Your assignment =
Once the line with "Thursday, 3 September" is found, repeat it and all later lines exactly through the end of the listing below, with the pictures left out.

Dataset entries Block Start

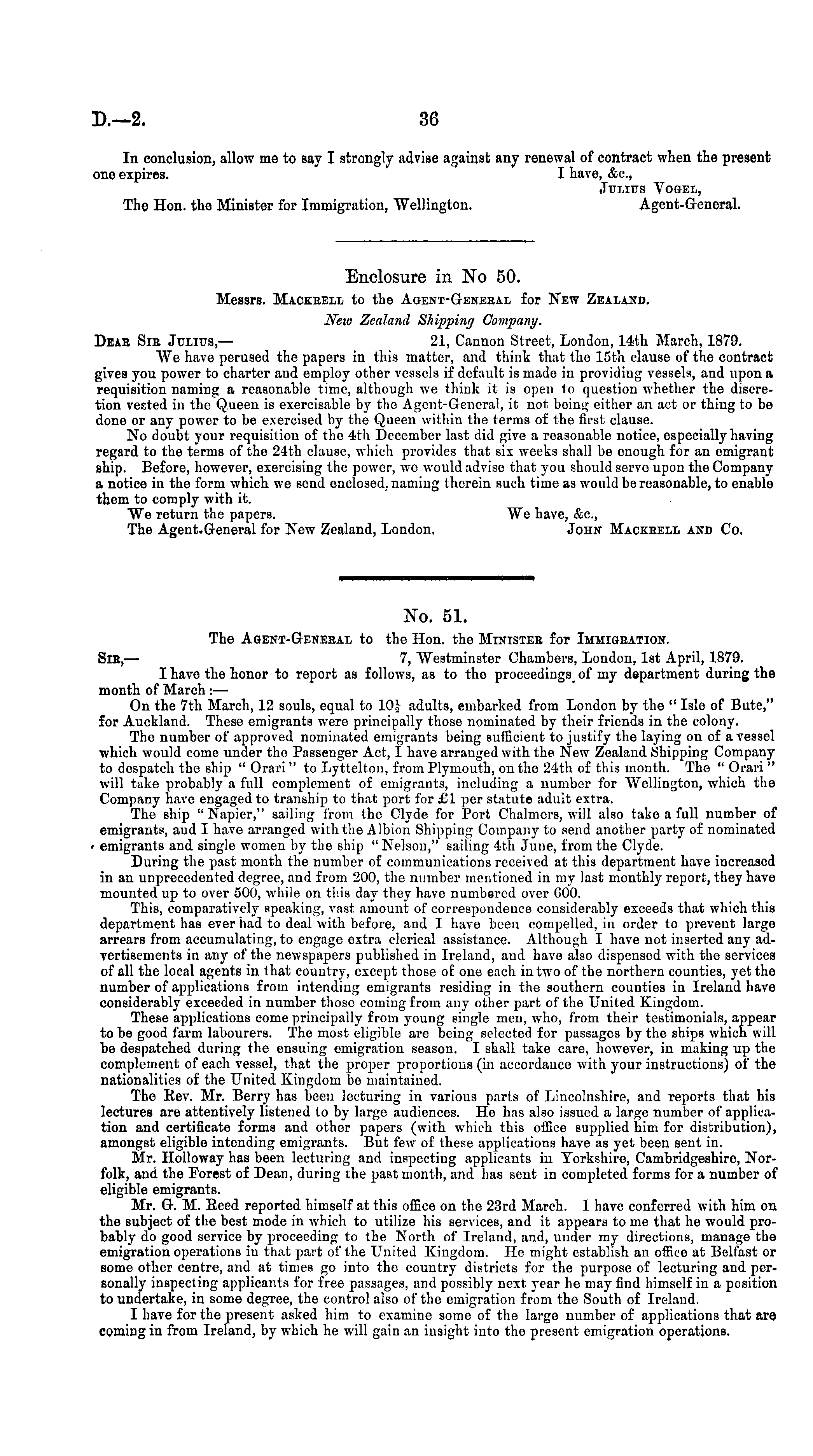 In conclusion, allow me to say I strongly advise against any renewal of contract when the present one expires. I have, &c, Julius Vogel, The Hon. the Minister for Immigration, Wellington. Agent-General.
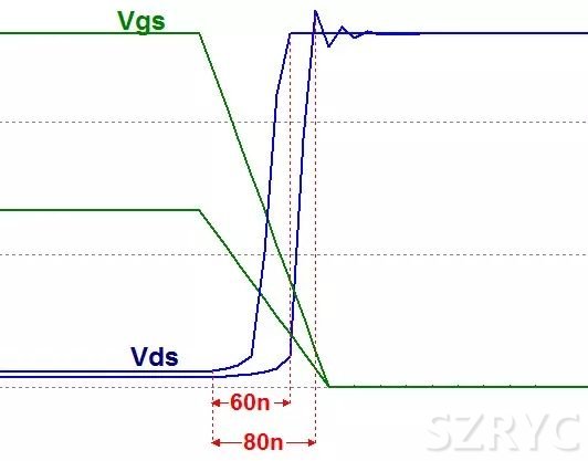t3~t4階段:渡過米勒平臺后,即Cgd反向充電達到Vgs,Vgs繼續(xù)升高至最終電壓,這個電壓值決定的是MOS管的開啟阻抗Ron大小。
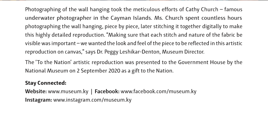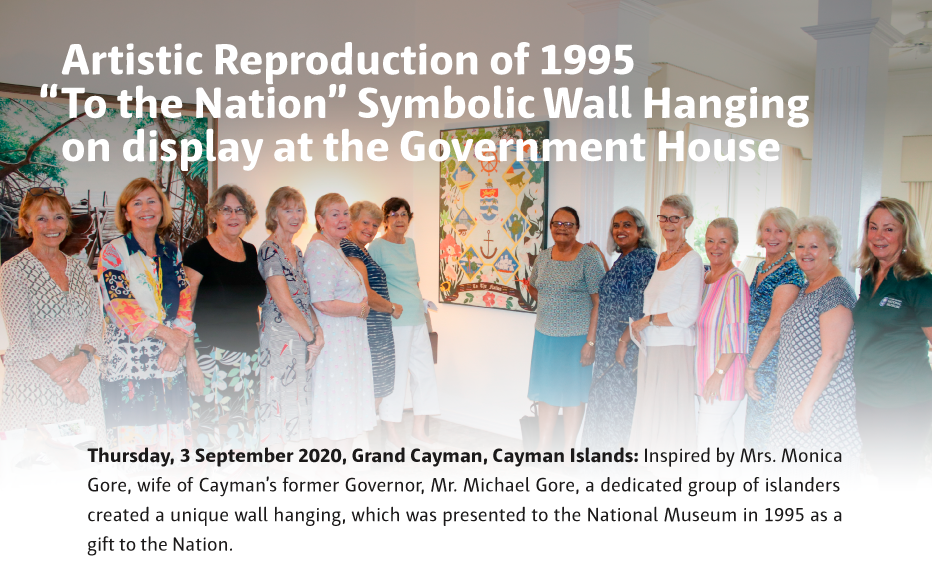 Thursday, 3 September 2020, Grand Cayman, Cayman Islands: Inspired by Mrs. Monica Gore, wife of Cayman’s former Governor, Mr. Michael Gore, a dedicated group of islanders created a unique wall hanging, which was presented to the National Museum in 1995 as a gift to the Nation.
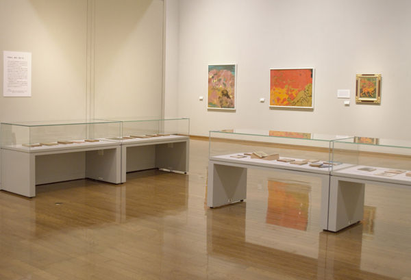 福沢一郎記念美術館は同じ建物内にあり、「特集展示 福沢一郎と『本』」と「福沢一郎 物語を描く」が開催されていた。画像は、覘きケースに福沢一郎が手掛けた装丁の図書や雑誌類が展示されている風景である。福沢一郎は富岡市出身であり、1991年93歳にして文化勲章を受章するなど、生前から評価が高かった。そのため、福沢一郎の画業を顕彰し、未来へと作品を引き継ぐ方法として、美術館博物館建設の構想中に個人記念館も設置された。このような複合施設は、今ではそれほど珍しくない空間設計ではあるが、開館した1995年においては画期的な試みであった。創立から20年以上経った今では、認知度も高まり、福沢一郎の作品に関する相談を受けるようになったという。個人の美術館として、アトリエを改装した「私立」が多い中で、「公立」の施設は、長期的な作品の維持管理を考える上では理想的といえる。
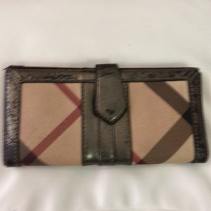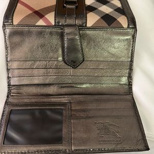 Authentic Burberry wallet. Color of trim and inside of wallet is a metallic pewter/gold.
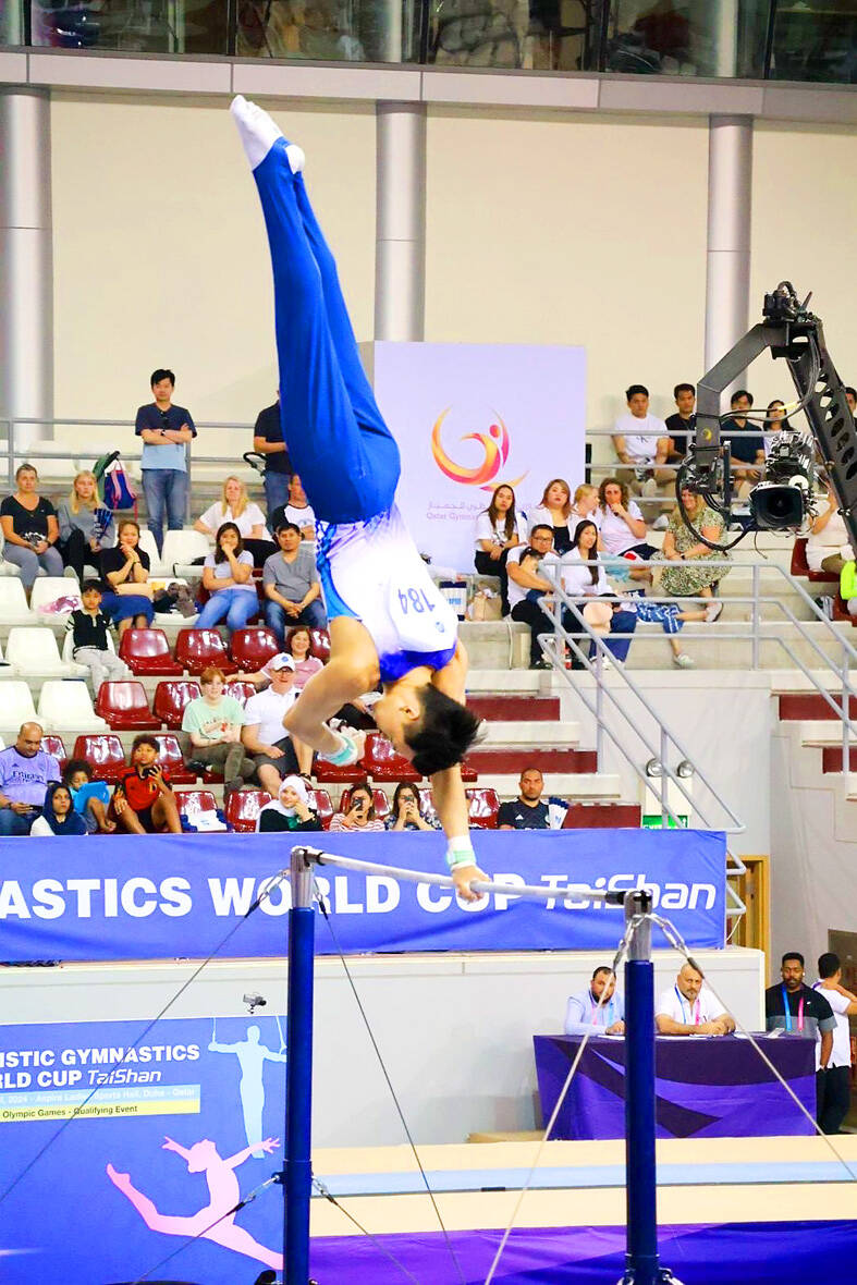 Taiwanese gymnast Tang Chia-hung (唐嘉鴻) on Saturday won a gold medal in the men’s horizontal bar competition at the Doha World Cup, extending a run of dominant performances in the lead-up to the Paris Summer Olympics.

Dataset entries Block End

Solution =
 Thursday, 3 September 2020, Grand Cayman, Cayman Islands: Inspired by Mrs. Monica Gore, wife of Cayman’s former Governor, Mr. Michael Gore, a dedicated group of islanders created a unique wall hanging, which was presented to the National Museum in 1995 as a gift to the Nation.
 福沢一郎記念美術館は同じ建物内にあり、「特集展示 福沢一郎と『本』」と「福沢一郎 物語を描く」が開催されていた。画像は、覘きケースに福沢一郎が手掛けた装丁の図書や雑誌類が展示されている風景である。福沢一郎は富岡市出身であり、1991年93歳にして文化勲章を受章するなど、生前から評価が高かった。そのため、福沢一郎の画業を顕彰し、未来へと作品を引き継ぐ方法として、美術館博物館建設の構想中に個人記念館も設置された。このような複合施設は、今ではそれほど珍しくない空間設計ではあるが、開館した1995年においては画期的な試みであった。創立から20年以上経った今では、認知度も高まり、福沢一郎の作品に関する相談を受けるようになったという。個人の美術館として、アトリエを改装した「私立」が多い中で、「公立」の施設は、長期的な作品の維持管理を考える上では理想的といえる。
 Authentic Burberry wallet. Color of trim and inside of wallet is a metallic pewter/gold.
 Taiwanese gymnast Tang Chia-hung (唐嘉鴻) on Saturday won a gold medal in the men’s horizontal bar competition at the Doha World Cup, extending a run of dominant performances in the lead-up to the Paris Summer Olympics.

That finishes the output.